(x%2B3)(x%2B5)(x%2B7)%2B15%3D0.jpeg "(x+1)(x+3)(x+5)(x+7)+15=0")
Solving the Equation (x+1)(x+3)(x+5)(x+7) + 15 = 0
This equation looks complicated, but we can solve it by using some clever algebraic manipulations and recognizing patterns.
Step 1: Expanding the Equation
First, let's expand the product of the first four terms:
(x+1)(x+3)(x+5)(x+7) = (x² + 4x + 3)(x² + 12x + 35)
Now, we need to expand this further. You can use the distributive property or a more visual method like the FOIL method to do this:
(x² + 4x + 3)(x² + 12x + 35) = x⁴ + 16x³ + 83x² + 164x + 105
Therefore, the original equation becomes:
x⁴ + 16x³ + 83x² + 164x + 105 + 15 = 0
Simplifying, we get:
x⁴ + 16x³ + 83x² + 164x + 120 = 0
Step 2: Recognizing a Pattern
Now, let's try to factor the equation. Notice that the constant term (120) can be factored as 1 x 2 x 3 x 4 x 5. This looks suspiciously similar to the constant terms in the original factors (1, 3, 5, 7).
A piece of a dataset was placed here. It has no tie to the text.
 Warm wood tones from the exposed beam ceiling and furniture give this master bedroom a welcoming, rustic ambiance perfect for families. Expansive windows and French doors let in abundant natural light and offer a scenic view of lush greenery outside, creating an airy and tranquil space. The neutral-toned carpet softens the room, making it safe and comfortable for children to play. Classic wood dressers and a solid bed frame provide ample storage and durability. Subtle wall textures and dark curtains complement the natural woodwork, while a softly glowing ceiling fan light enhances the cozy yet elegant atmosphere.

Let's try grouping the terms:
(x⁴ + 16x³ + 83x² + 164x) + 120 = 0
Now, we can factor out a common factor of x from the first group:
x(x³ + 16x² + 83x + 164) + 120 = 0
We can further factor the expression inside the parentheses. Notice that the coefficients follow a pattern: 1, 16, 83, 164. If we divide each coefficient by the previous one, we get a pattern of 16, 5.1875, 1.976, which suggests a possible quadratic factor.
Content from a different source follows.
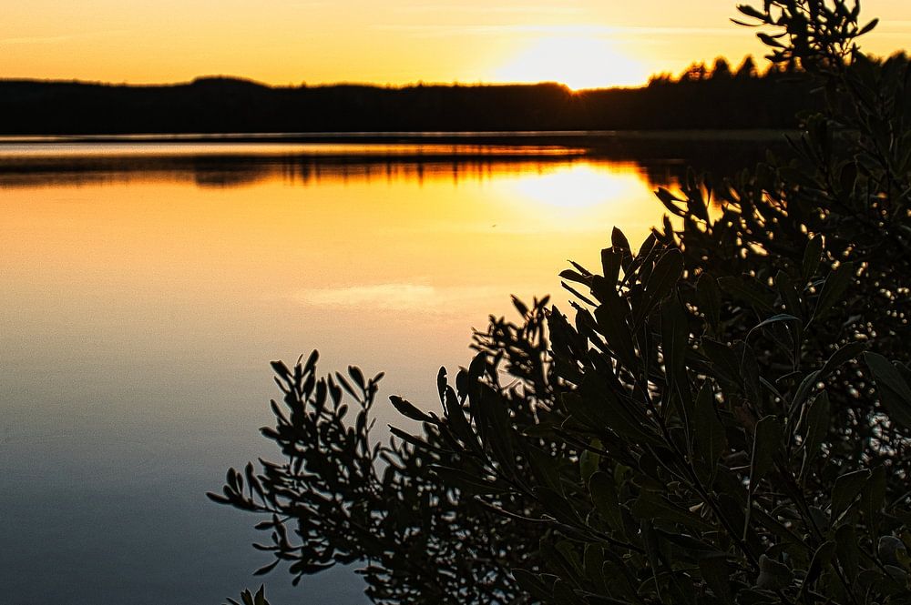 Sunset on a lake in Sweden. The sun is reflected in the calm water. A forest at the edge of the lake completes the romantic picture.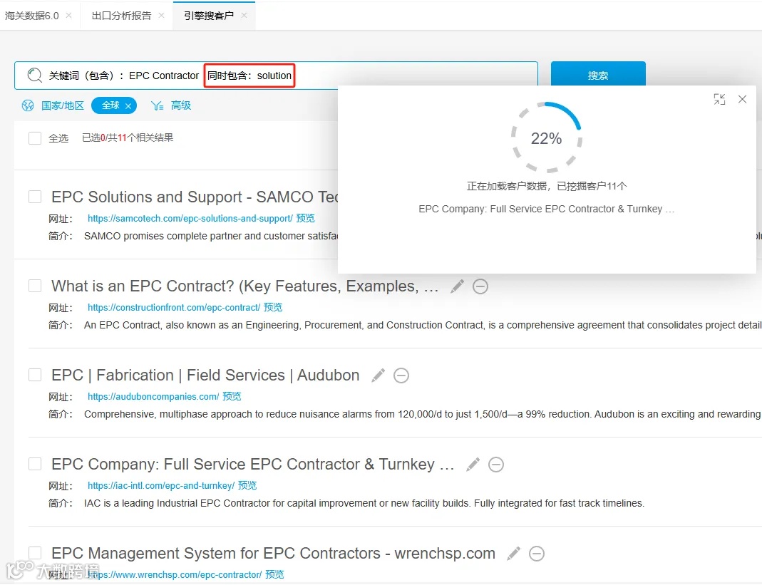 根据我客户在官网上对自己的描述里,有solution这个词,我想海外的企业应该也会说明自己是某某解决方案, 使用关键词组、上外贸客户开发软件来测试,例如

Using the Rational Root Theorem, we can try potential rational roots of the cubic expression. After some trials, we find that x = -4 is a root. This means (x + 4) is a factor.
Dividing the cubic expression (x³ + 16x² + 83x + 164) by (x + 4) using polynomial long division, we get:
x³ + 16x² + 83x + 164 = (x + 4)(x² + 12x + 41)
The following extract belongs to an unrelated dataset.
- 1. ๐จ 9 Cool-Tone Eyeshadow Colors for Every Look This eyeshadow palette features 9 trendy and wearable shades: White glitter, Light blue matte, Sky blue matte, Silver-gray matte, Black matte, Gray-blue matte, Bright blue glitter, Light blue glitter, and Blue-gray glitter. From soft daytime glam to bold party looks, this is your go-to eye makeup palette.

Therefore, our equation becomes:
x(x + 4)(x² + 12x + 41) + 120 = 0
Step 3: Solving the Quadratic Factor
The quadratic factor (x² + 12x + 41) doesn't factor easily. We can solve for its roots using the quadratic formula:
x = (-b ± √(b² - 4ac)) / 2a
where a = 1, b = 12, and c = 41.
Substituting the values, we get:
x = (-12 ± √(12² - 4 * 1 * 41)) / 2 * 1 x = (-12 ± √(-12)) / 2 x = (-12 ± 2√3i) / 2 x = -6 ± √3i
Step 4: Final Solutions
Therefore, the solutions to the equation (x+1)(x+3)(x+5)(x+7) + 15 = 0 are:
- x = -4
- x = -6 + √3i
- x = -6 - √3i
We have two real solutions and two complex solutions.